We surveyed 15 publications in this category. These describe educational tools and interventions that could be deployed in a short timeframe (hours-to-days) to help students achieve modest learning objectives, such as understanding a specific concept or knowing how to perform a simplified molecular cloning protocol (Table 2). Most activities involved the use of affordable kits and devices that can bring molecular biology into the classroom without the need for expensive laboratory equipment. About half of these kits (7 of 15) provide cell-free, lyophilized (“just add water”) reagents for introductory experiments (Huang et al., 2018; Stark et al., 2018, 2019; Collias et al., 2019; Huang, 2019; Williams et al., 2020; Rybnicky et al., 2022). Here, “cell-free” refers to cell-free synthetic biology, through which researchers use ex vivo preparations (i.e., outside of the cellular context) to recapitulate biological reactions typically performed in cells. To implement cell-free biomolecular activities, researchers have developed mixtures containing cellular lysate (i.e., the “innards” of cells), and added specific key components such as ribosomes, DNA, and enzymatic substrates depending on what kind of biological reactions is intended. These kits enable the experimental study of a range of biological phenomena: from protein expression and biosensing to applications of the genome editing tool called CRISPR-Cas9. Several of the described activities can be completed in just a few hours, allowing students to visually analyze their results the following day. The activities have lower chances of error because the components are prepared ahead of time in the correct quantities. Consequently, educators can confidently integrate this type of activity into a biology unit with minimal cost and preparation.

Table 2

Table 2. Study characteristics of classroom intervention studies (n = 15).

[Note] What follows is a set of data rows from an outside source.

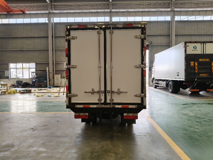 廂體工藝: 廂體材質(zhì)采用內(nèi)外玻璃鋼,中間XPS保溫板,后雙開門,廂體右側(cè)靠前選裝開側(cè)門,底部采用花紋防滑鋁板,前部排水孔,門邊條采用迷宮式橡膠密封條,鋁合金型材包邊,不銹鋼包角,不銹鋼門鎖,不銹鋼門框及合頁,廂體內(nèi)節(jié)能LED照明燈。
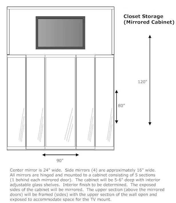 This is a built-in cabinet that I designed for a client's closet. The cabinet is large and features full length door mirrors.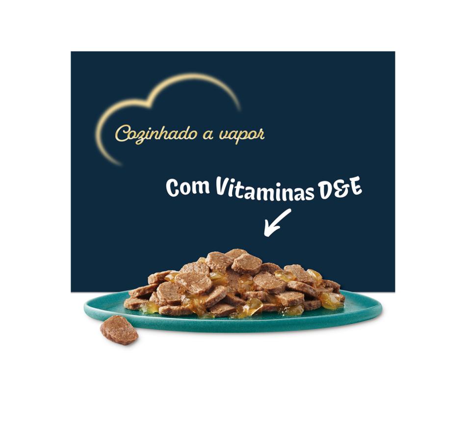 Uma receita 100% completa e equilibrada de deliciosas refeições. 90% de Proteína Animal, do total da proteína na fórmula. Sem corantes.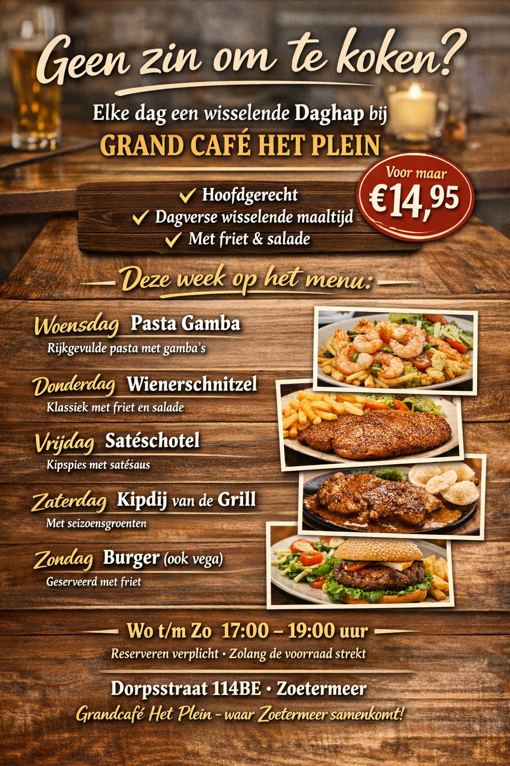#daghap #grandcafehetplein #zoetermeer #geenZinOmTeKoken #uiteten #weekmenu #gezelligeten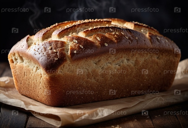 Свежеиспеченный ржаной хлеб сидит на деревянной доске, демонстрируя свою золотисто-коричневую хрустящую корку, украшенную семенами кунжута. Теплая буханка, прямоугольной формы, источает приглашающий аромат, который наполняет уютную кухню. ИИ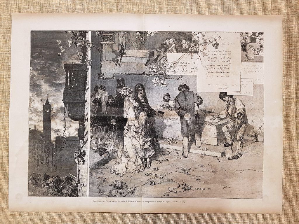 Reminiscenze di Verona davanti tomba di Giulietta e Romeo Edoardo Dalbono 1880 Rara stampa estratta da pubblicazione del 1880 Stampa enorme Reminiscenze di Verona, davanti la tomba di Giulietta e Romeo Composizione e disegno di Edoardo Dalbono Cm 36,00 x 49,00 1880-065

The design of these kits (including room-temperature storage) allows them to be relatively inexpensive and easy-to-use. However, more advanced audiences, who might benefit from exposure to experimental failure modes and the creative troubleshooting required to correct issues (Collias et al., 2019), may find their scope limited. For example, the application of CRISPR for genome editing requires troubleshooting when the Cas enzyme and guide RNA are suboptimal (Xu and Li, 2020). Additionally, these kits may offer limited modularity. Compared to the flexibility provided by electronic or chemistry hobby sets, these SynBio kits provide fewer opportunities for exploring behaviour beyond the specific procedures described by the manufacturer; users may be able to experiment with varying input concentrations of reagents (Huang et al., 2018), but investigating different promoters, RBSs, or CRISPR systems would require a completely different set of materials.

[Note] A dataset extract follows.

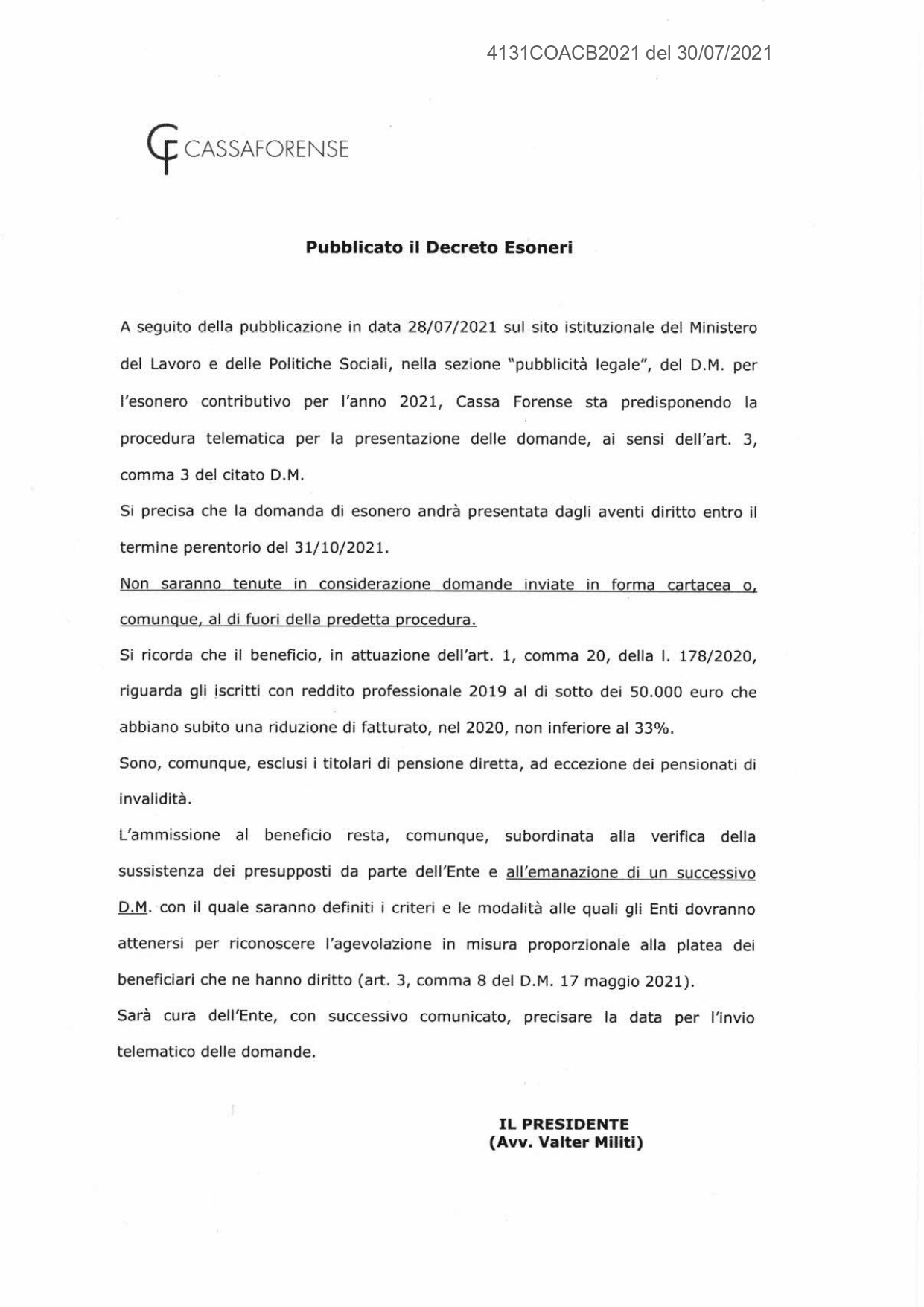4131COACB2021-Decreto esoneri - Pubblicazione_CASSA Forense_page-0001

Of course, these limitations are only relevant to more advanced audiences; most of these kits are designed for junior audiences, or those less acquainted with molecular biology. In contrast, senior undergraduate students would benefit more from laboratory exercises that simulate real-world practice. There appears to be significant untapped potential to use these cell-free systems in conjunction with other low-cost simplified components (e.g., gel electrophoresis set-ups, low-cost plate readers, Arduino-controlled elution columns) to increase the sophistication of the learning objectives associated with these kits (Gamale et al., 2021; Bergua et al., 2022; Diep et al., 2022; Thompson, 2022). Additionally, educators could incorporate digital media tutorials that have more advanced protocols and learning objectives to complement the prescribed kit activities. A repository of YouTube resources on SynBio concepts has been compiled (Dy et al., 2019) that could serve as inspiration for such tutorials, or be used as is for more advanced kits, such as those involving painting logos with pigment-transformed E. coli (Kafai et al., 2017), implementation of CRISPR-Cas12 for diagnostic sensing (Rybnicky et al., 2022), or tuning of genetic circuits in organisms (Magaraci et al., 2016).

3.1.1 Education research studies of classroom-based activities

Using pre-/post-test assessments, Campbell et al. found evidence that their pClone and rClone activity kits were able to significantly, and with large effect, improve students’ knowledge of the relevant material (Campbell et al., 2014; Campbell and Eckdahl, 2018). Also, through a pre-/post-test assessment and a control group, (Williams et al., 2020) found that their Genetic Code Kit benefited students’ learning about transcription and translation. They tested on an undergraduate audience, who may have been exposed to these concepts already. In contrast, the kit may provide a larger benefit to a secondary school audience, for whom transcription and translation might be unfamiliar. While quantitative methodologies such as pre-/post-tests can provide evidence for the effectiveness of an activity, they offer limited insight on how the students are learning, or why the activity is effective. Interviews and observational methodologies can reveal more detailed information (Cohen et al., 2017). For example, in other studies of SynBio classroom activities, students highlighted their sense of agency during project activities, and that activities contextualized their knowledge in real practice; these insights can help educators prioritize new activities that are effective for their students (Kafai et al., 2017; Betten et al., 2018; Walker and Kafai, 2021). For example, in Betten et al.’s (2018) scenario-based activity, interviews revealed that students found the writing process central to their learning.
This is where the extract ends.